Max Berry – ‘The Inwardness of Place’
In his latest collection of work, Berry presents place as something shaped by a person's movement and affective counters within it.
What constitutes place? Across Max Berry’s work to date, place has emerged as a defining interest. In this, his latest solo exhibition, place is again evoked through the exhibition’s title, as well as through the works predominant subject matter, landscape. However marking a departure in approach to his previous work, Berry’s interest in landscape has turned from its fantastical imaging to its direct experience, with the artist venturing out of his studio on excursions to locations throughout Australia. These have included Hill End and the Colo Valley in inland New South Wales, and further south to Tasmania’s hinterland.

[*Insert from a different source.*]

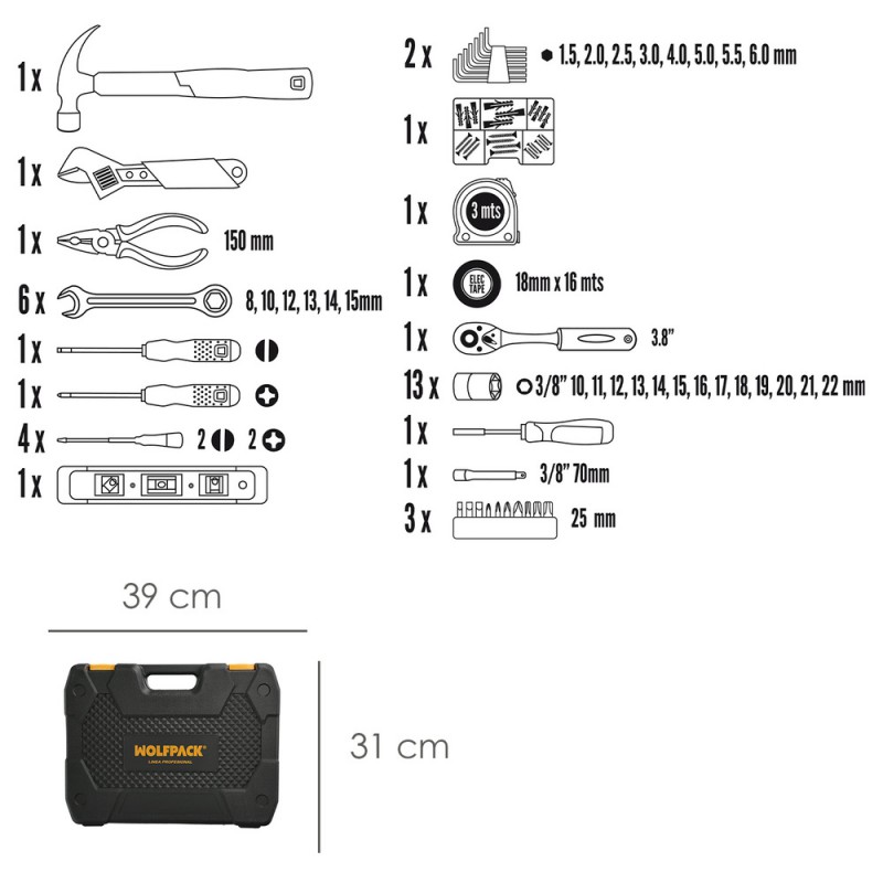 - El juego incluye maletín en el que puede ordenar las puntas, las llaves, los vasos y las herramientas segun el tamaño.

Across the exhibition, Berry has distilled something of these locations into paintings that are vivid in colour and decisive in stroke. Be it a view of rolling hills, an immense horizon line, a solitary tree, a river or a dam, each painting offers the viewer a vignette, an invitation to experience a moment in time and space, and to position themselves where the artist once stood. Upon viewing these landscapes what quickly becomes noticeable however is that they are largely unpopulated. But while people do not abound they are not inhuman. A tree for example might ask for greater attention announcing itself as a prominent character through a stroke that intensifies its form, while the presence of a road might clarify the painter’s point of interest in a composition, or the shade of the sky’s hue have been given a concentrated vibrancy to evoke its emotional impact.
Significantly for this collection of works, Berry first translated his experience of these places through photography, capturing a days shifting light or a detail that caught his interest through the rich impression of film. Then back in the studio, the resulting photos were used to reinterpret these moments through the poetic potentials offered by paint. Like flipping through the pages of a photo album, the works in The Inwardness of Place are decidedly nostalgic and sting with emotion, with each work seeming to encourage a particular quality or feeling that lingers and marks its own time as it is viewed. This may suggest that the answer to what constitutes place exists in each person’s encounter, residing within.